The woven Zvezda-logo was worn on every flight-Sokol since Soyuz-12 (except Soyuz-19, the high-profile Apollo-Soyuz mission which had its own patch layout) until Soyuz-27 (January 1978), after which the Interkosmos flights (also with their own patch layouts) began. Interesting note: the final cosmonaut to have the logo on his flight-Sokol was Oleg Makarov again. His Soyuz-27 crewmate Vladimir Dzjanibekov (probably wearing a newer suit) already had a blank spot on his Sokol.

The logo was not always present on the training Sokols, even though these suits were from Zvezda as well. Although the logo disappeared from the flight Sokols beginning with Soyuz-27, the crews of Soyuz-30, 31 and 32 still had it on their training suits in 1978.

The patch was also worn on some intravehicular clothing during the early Soyuz / Salyut program. It was also worn on the left shoulder of the blue Penguin suits. The Penguin was first flown on Soyuz-10, but first worn by the Soyuz-11 (Salyut-1, June 1971) crew. We do not know if these Penguins already had the blue Zvezda logo. Most pictures show the Soyuz-11 crew in their TNK 'Athlete' suits, which they were permitted to wear round the clock. Since the Zvezda 'Rocket' was still in use on the intravehiculr suits, this might be an indication that the blue early Zvezda was not in use yet. The Soyuz-12 crew did not carry Penguins; the Soyuz-13 Penguins did have the early Zvezda patch, as photographes confirm. The Soyuz-29 Penguins (Summer 1978) were the last.

An embroidered version of the Zvezda patch (which later evolved into numerous follow-on Salyut, Mir and ISS versions) became available for intravehicular suits as early as 1975 (the high profile Soyuz-22 Earth Observation mission) and was also present on the first Salyut-6 Orlan (spacewalk) suits in 1977.

The embroidered patch became standard issue on the blue Penguin suits halfway the Soyuz-29 stay aboard Salyut-6. Cosmonauts Vladimir Kovalenok and Alexander Ivanchenko were still wearing their old Penguins when the Soyuz-30 crew visited in June/July 1978, but had new Penguin suits with embroidered patches when Soyuz-31 arrived in August 1978. Their new suits were probably brought up by the Progress-2 (which docked July 9, 1978) or Progress-3 supply ship (which docked August 9, 1978).
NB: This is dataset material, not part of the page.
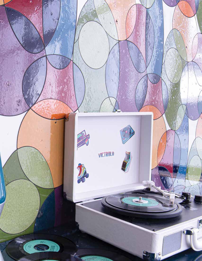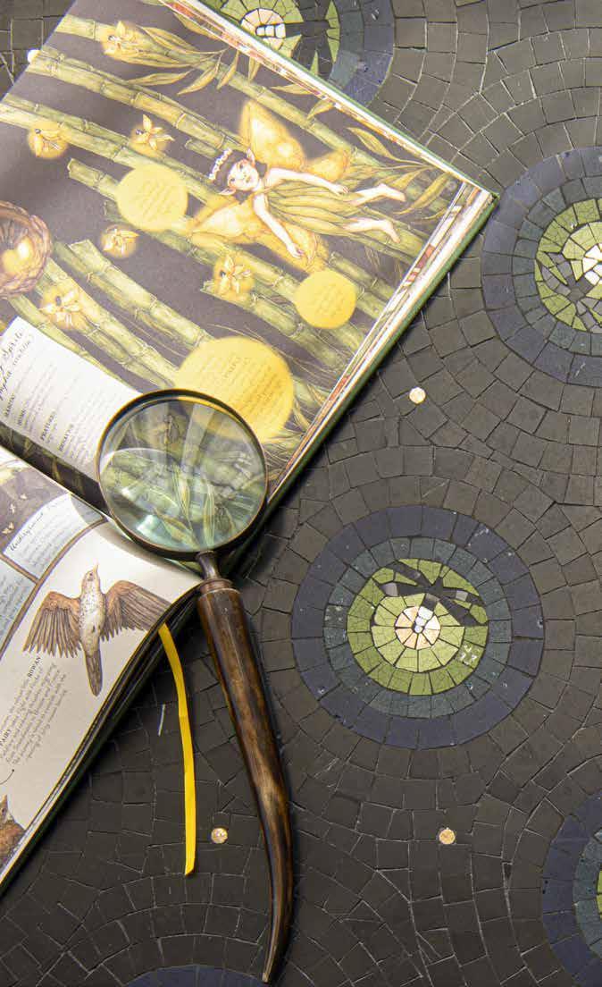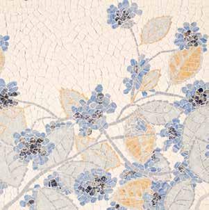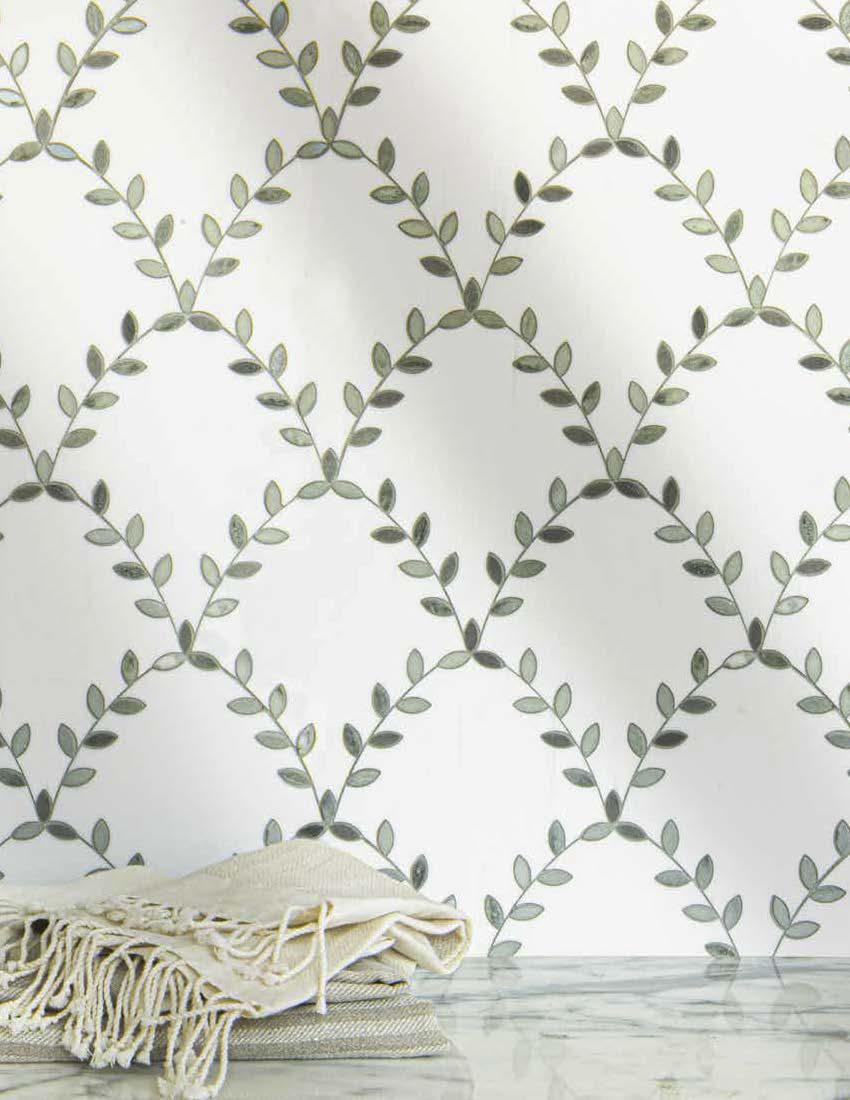 12” Linda’s Garden in jewel Agate, Amber, Citrine, Peridot, Alexandrite, Jade, Schist, Lavastone, Tourmaline, Labradorite, Zircon, Jasper, Champagne, Opal, and Moonstone with Sea Glass™ Serpentine. Design by Gracie Wallpaper.

Thus, with Soyuz-32 (February 1979), all use of the early Zvezda patch in space had been discontinued.

The real thing

The woven Zvezda-logo can be seen on the right chest of the Sokol suits worn by the Soyuz-12 crew (left). Thier suits also had a Soviet standard on the left sleeve. A color picture of the Zvezda-patch attached to a Sokol suit is shown at right.

The Zvezda patch attached to an intravehicular suit of Soyuz-18A cosmonaut Vasili Lasarev (March 1975; left) and to the Penguin-suit of Soyuz-26 / Salyut-6 cosmonaut Yuri Romanenko, who is seen here unloading Progress-1 in January/February 1978.

Collecting the Early Zvezda
The patch was made by the Zvezda factory and is not commercially available. We do not have it in our collection and no souvenir versions have been produced. The picture of the patch from Lasarev's jumpsuit was taken from an internet auction.